REPUBLIKA.CO.ID, SURABAYA— Perguruan Tinggi Keagamaan Islam Negeri (PTKIN) dalam kurun waktu dua tahun terakhir mengalami pertumbuhan yang pesat, baik dari sisi akrediasi maupun publikasi riset dan jurnal internasional.
Direktur Pendidikan Tinggi dan Iptek Badan Perencanaan Pembangunan Nasional (Bappenas), Tatang Muttaqin, pun memberikan apresiasi atas pencapaian PTKIN.
Dalam Rapat Kerja (Raker) Direktorat Pendidikan Tinggi Keagamaan Islam (Diktis) yang dihadiri sebanyak 57 peserta yang terdiri dari para Rektor PTKIN dan 23 Kakanwil Kemenag, Tatang mengakui sebagian besar PTKIN sudah berhasil meningkatkan mutu penelitian, kualitas publikasi, dan percepatan akreditasi kampus.
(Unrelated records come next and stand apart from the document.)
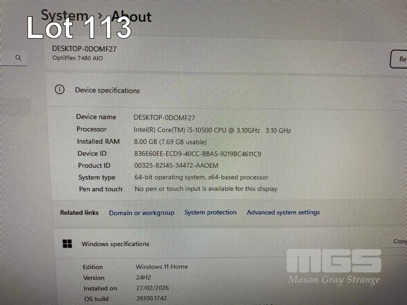 ALL-IN-ONE PC, DELL OPTIPLEX 7480, CORE i5 10500 (10TH GEN) @ 3.1GHz, 8GB DDR4 RAM, 512GB NVMe M.2 SSD, INBUILT 23.8" FHD WIDESCREEN (1920x1080), INTEL HD VIDEO, WEBCAM, 5 x USB, 1 x USB-C, Wi-Fi, BLUETOOTH, WINDOWS 11 HOME INSTALLED, KEYBOARD & MOUSE S/N:9RW54F3
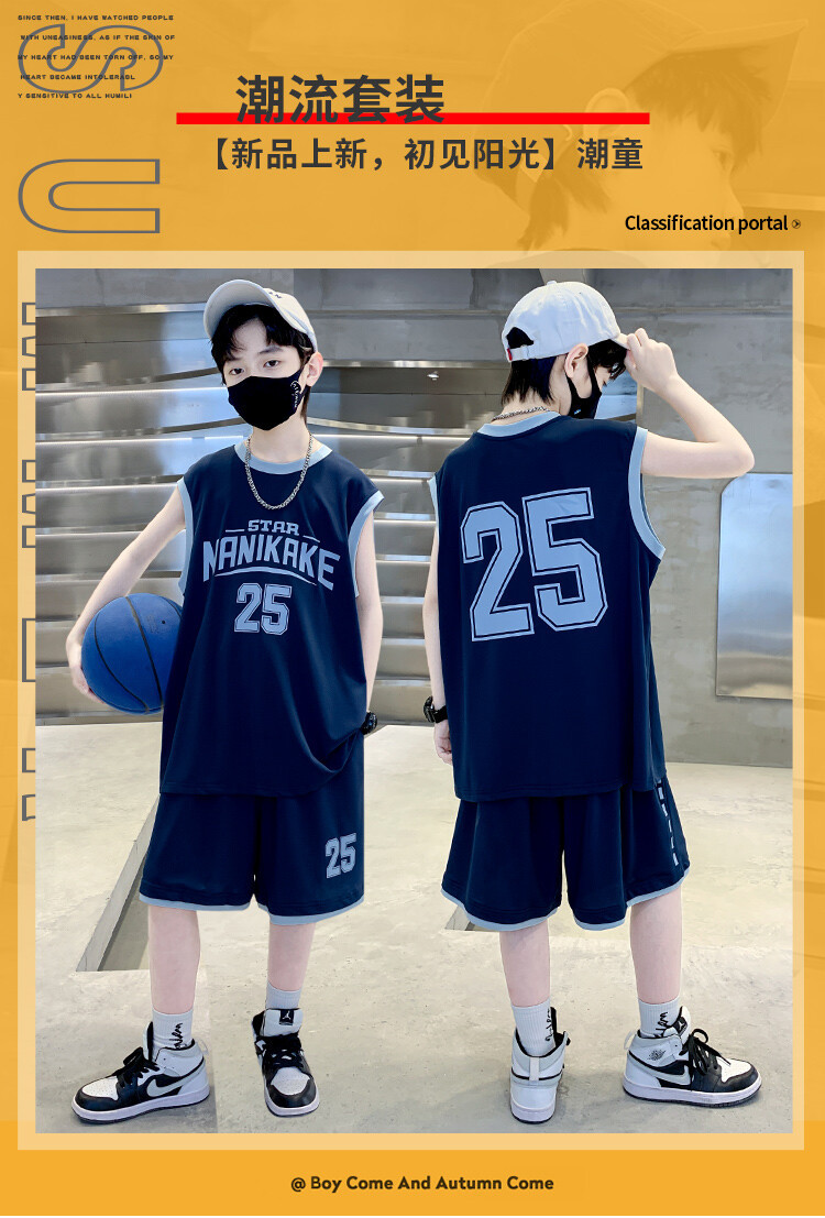 新男童无袖背心套装2025款夏季中大儿童痞帅休闲帅气潮装TZ-7187
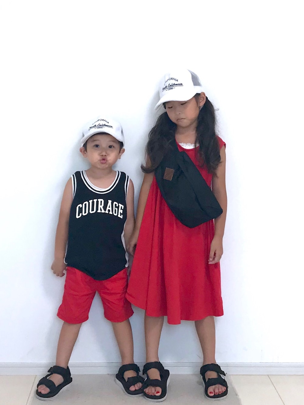 赤コーデ👫❤️ 連日外遊びや家プールでこんがり良い色に👦🏽✨👧🏽 覗いて頂きありがとうございました😊
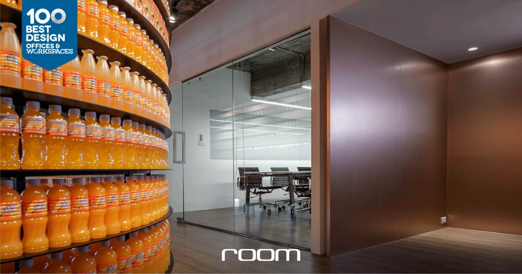 FOOD STAR พื้นที่สำนักงานของบริษัทผู้ผลิตและจำหน่ายผลิตภัณฑ์น้ำผลไม้พร้อมดื่ม ที่ใช้ขวดมาสร้างระนาบผนัง เส้นสาย และสีสันสะดุดตา
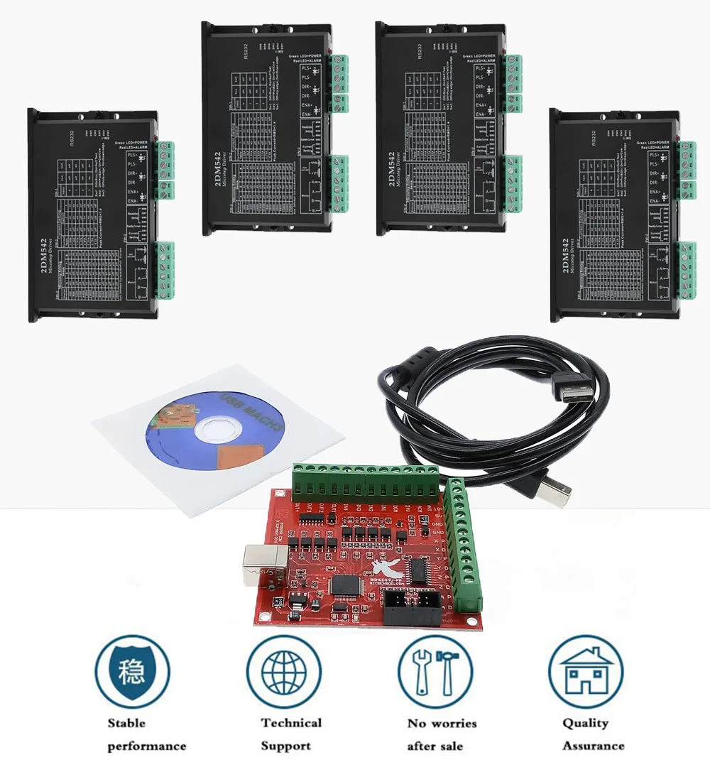 Комплект систем управления с ЧПУ, 1 * Красная коммутационная Плата USB MACH3 100 кГц, 4-осевой интерфейс, драйвер управления движением + 4*2DM542
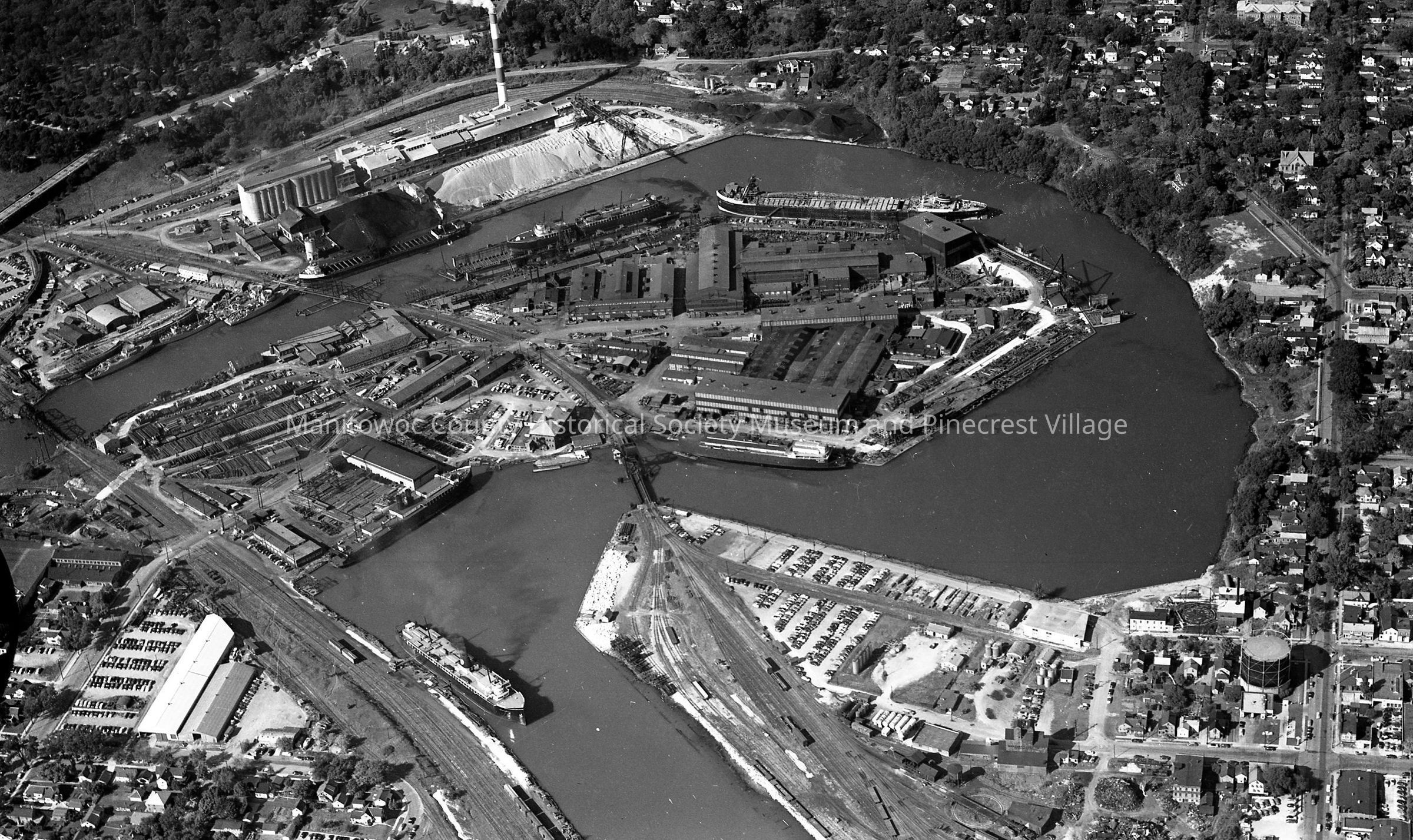 Aerial: Manitowoc Shipbuilding looking west. At left edge is Burger Boat, 1811 Spring Street with minesweepers. Next is Manitowoc Portland Cement with the "W.E. Fitzgerald" unloading stone. At shipbuilding is "Pere Marquette #21" is in dry dock being lenghtened; bow and bottom plates of "Detroit Edison" are being worked. At the jacknife bridgew is the carferry "Chief Wawatam" and on the other side of the bridge is "Ann Arbor #7" and "City of Flint".

Sejauh ini, menurutnya kampus PTKI yang memiliki produktivitas riset yang baik di antaranya UIN Jakarta, UIN Bandung, UIN Riau, UIN Yogyakarta, UIN Malang dan UIN Makassar.
"Ada percepatan-percepatan yang dilakukan (PTKIN), ini patut disyukuri dan kita dorong agar terus meningkatkan akreditasinya. Saya harap secara bertahap UIN-UIN atau IAIN yang lain, juga menunjukkan keunikannya, diferensiasi yang menonjol," ucap Tatang, dalam keterangannya Kamis (10/3/2022).
Tatang juga memuji kualitas lulusan PTKIN yang dapat bekerja sangat baik, dan tidak kalah dari kualitas lulusan perguruan tinggi umum lain. Kendati demikian ia mengakui lulusan pendidikan tinggi agama belum sepenuhnya ideal, bahkan pendapatan yang dicapai terkadang masih menempati posisi rendah dibandingkan bidang ilmu sains.
Dengan memiliki struktur anggaran sebesar Rp66,45 triliun serta belanja operasional mencapai Rp34,16 triliun, Tatang berharap Kementerian Agama dapat melakukan berbagai upaya strategi untuk fokus dalam hal pengembangan PTKI.
Hal terpenting yang harus dilakukan yakni tata kelola PTKI. Menurut Tatang, tata kelola yang baik dan penjaminan mutu menjadi sangat penting untuk dihubungkan dengan pemangku kepentingan eksternal.
Dalam forum raker, Tatang meminta para Rektor untuk mendorong wakilnya di bidang kemahasiswaan untuk rutin mengelola, mengontrol dan menginventarisir para lulusan kampus sehingga memiliki jejaring alumni yang terbina dengan baik.
"Evalusasi internal PTKI harus dilakukan, untuk mengukur tingkat keterserapan dan kesejahteraan lulusan lalu kemudian didorong lulusannya tidak hanya terbatas pada dunia kerja keislamanan saja, tetapi harus adaptif pada kebutuhan industri 4,0 dan era digital," jelas Tatang.
Dari segi pendanaan, Tatang menjabarkan Kemenag perlu meninjau kembali aspek skema kompetisi bagi PTKI serta pengadaan afirmasi bagi daerah-daerah yang minim akses. Skema ini semata-mata sebagai bentuk rasionalisasi peningkatan layanan pendidikan.
Tatang juga mendorong PTKI perlu melakukan koordinasi bersama untuk fokus mengembangkan kerangka besar risetnya, seperti riset keagamaan yang selama ini dilakukan. "Kemudian mampu mengidentifikasi potensi-potensi kontribusi riset PTKI ini untuk bidang keilmuan umum dan terapan," jelasnya.
Tak kalah penting, Tatang mendorong adanya internasionalisasi melalui upaya penguatan kapasitas bahasa di kalangan civitas akademika PTKI. Selain itu, PTKI diharapkan memperkuat akreditasi internasional secara bertahap dan memperbaiki kualitas layanan pendidikan sehingga memungkinkan mahasiswa luar negeri ikut berpartisipasi menempuh studi di Indonesia.